И тут Бигл понимает, что он, еле пережив падение, а потом ругательства со стороны игрока, еще должен был думать о бутерброде, размазанном по полу.
– Я… я… – заикаясь, начинает он.
– Потому что я женщина, а ты мужчина. Я умею самостоятельно зарабатывать и не собираюсь становиться для тебя домашней хозяйкой.
– Что происходит? – в полуобморочном состоянии спрашивает Бигл.
– Я тебе объясню, что происходит! Твой сын поедает грязное дерьмо, которое он соскреб с пола общественного стадиона. Пол общественного туалета, и то, наверно, чище. А ты даже не обращаешь внимания!
– Джекки, заткнись! – говорит Бигл.
– Нет, не заткнусь.
– Ну еще бы. Ты же просто не способна на это.
– Может быть, сам заткнешься?
И они ввязываются в классическую семейную склоку, мало чем отличаясь от обычных людей, не обладающих ни их славой, ни их богатством. Наконец Джекки хватает сына и ключи от машины и выходит вон, оставляя Бигла там, где ему вовсе не хочется быть.
Какое облегчение! Он предпочитает остаться на месте, чтобы, не дай бог, случайно не встретиться с ней снова. А ведь считается вроде, что бейсбол оказывает на зрителей терапевтическое воздействие.
Ничего подобного. Он разворачивает сэндвич не уничтоженный Диланом. На вкус довольно странно, но вполне съедобно. Он оглядывается по сторонам – тысячи людей наблюдают за происходящим на поле. Человек в соседней ложе, похоже просто счастлив. Он курит большую сигару и совершенно не стыдится того, что табак доставляет ему удовольствие. Более того, хоть он и находится на стадионе, он еще и слушает трансляцию матча по радио. Его зовут Табби Бейлис. Он, бывший агент Администрации по контролю за применением закона о наркотиках, торговал конфискованными наркотиками и прикарманивал деньги дилеров. После чего удачно вложился в плантации сахарного тростника на Гавайях. Из которых японский предприниматель создал поля для гольфа в пятнадцать, шестнадцать и семнадцать лунок.
– Можно, я вас кое о чем спрошу? – говорит Бигл.
– Валяй, – отвечает Табби.
На самом деле Бигл хочет узнать у него секрет счастья. Но он задает другой вопрос:
– Как это получается, что люди начинают любить бейсбол? Как это происходит? Я кинорежиссер и всегда стараюсь насытить фильмы действием, которое все нарастает, разрешаясь в самом финале. Чтобы было ритмичное, поступательное движение. И вдруг… – он указывает на поле, – вот это. Я этого не понимаю.
Табби выпускает изо рта пару густых колец дыма и принимает философский вид воплощенного Будды. Возможно, посланного в этот мир, чтобы передать Биглу определенное сообщение.

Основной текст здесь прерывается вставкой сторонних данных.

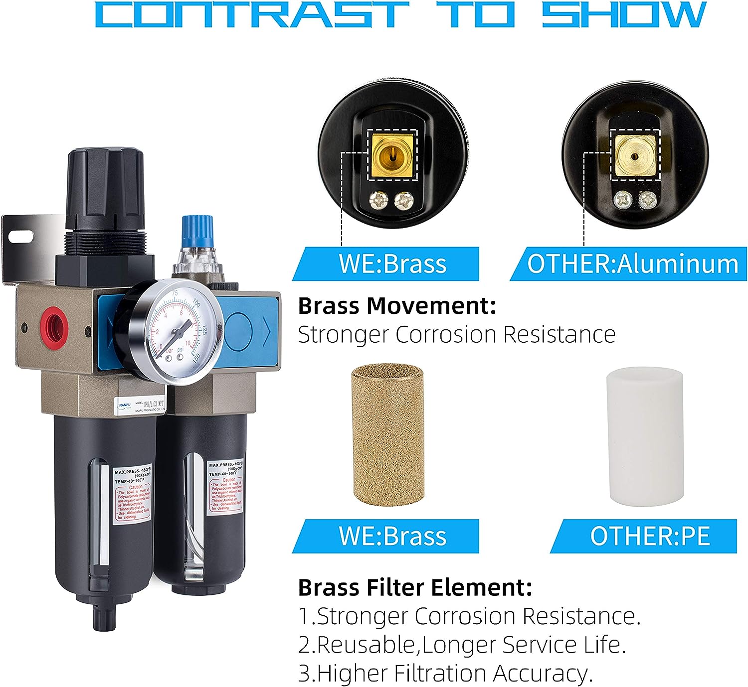 - Incluye drenaje manual y cuenco de policarbonato con protector de plástico, calibre de 0-150 psi y soporte de metal, un par de acopladores de aire de latón NPT de 1/4 de pulgada y kit de enchufe, 2 accesorios NPT de 1/4 pulgadas, 1 cinta de sellado de rosca.
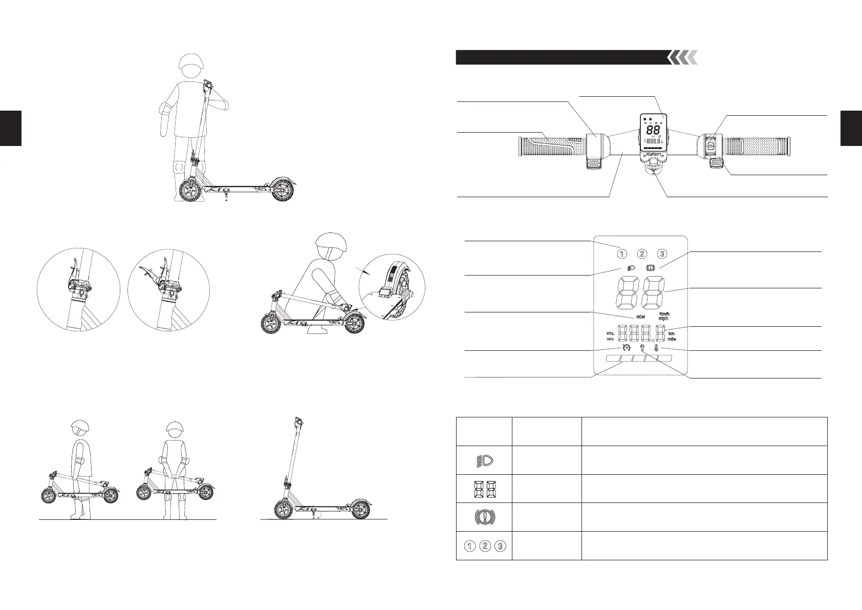 1.Soulevez le véhicule avec une ou deux mains. 2.Après conduite, déployez la béquille et

– Ах, бейсбол, – говорит он. – Бейсбол не предполагает действий. Это игра возможностей и скрытой энергии. Когда-то я был полицейским. Когда работаешь в полиции, приходится тратить массу времени на ожидание и наблюдение. Постоянно изобретаешь ходы, надеясь застать жертву в таком положении, когда ты сможешь на нее наброситься. Ты когда-нибудь увлекался охотой?
– Нет, – отвечает Бигл.
– Да, ты не похож на человека, способного на убийство. Хотя кто знает, – пожимает плечами Табби. – В любом случае – будь то дичь или человек, – когда ты врываешься к какому-нибудь мексиканцу, у тебя огромный прилив адреналина. Но это не главное. Точно так же никогда не стремишься к оргазму, занимаясь любовью. Средненький я философ, правда? Хочешь сигару?
– Конечно, – отвечает Бигл. Он не курильщик, но сейчас ему кажется, что если Будда любил табак, то, может быть, действительно в нем заключен секрет счастья.
Табби вынимает из кармана сигару и передает ее через ограждение Биглу.
– Так вот, относительно возможностей. Потенции к действию. Пойдет ли она с тобой или надерется и останется – что она выберет? Ты находишься в постоянном движении, и она находится в постоянном движении… – он делает круговое движение руками так, что они скользят друг вокруг друга как два хищника.
Бигл снимает с сигары целлофан. Она невероятно напоминает фаллос и не может не вызвать у него восхищения, ибо своим он похвастаться не может.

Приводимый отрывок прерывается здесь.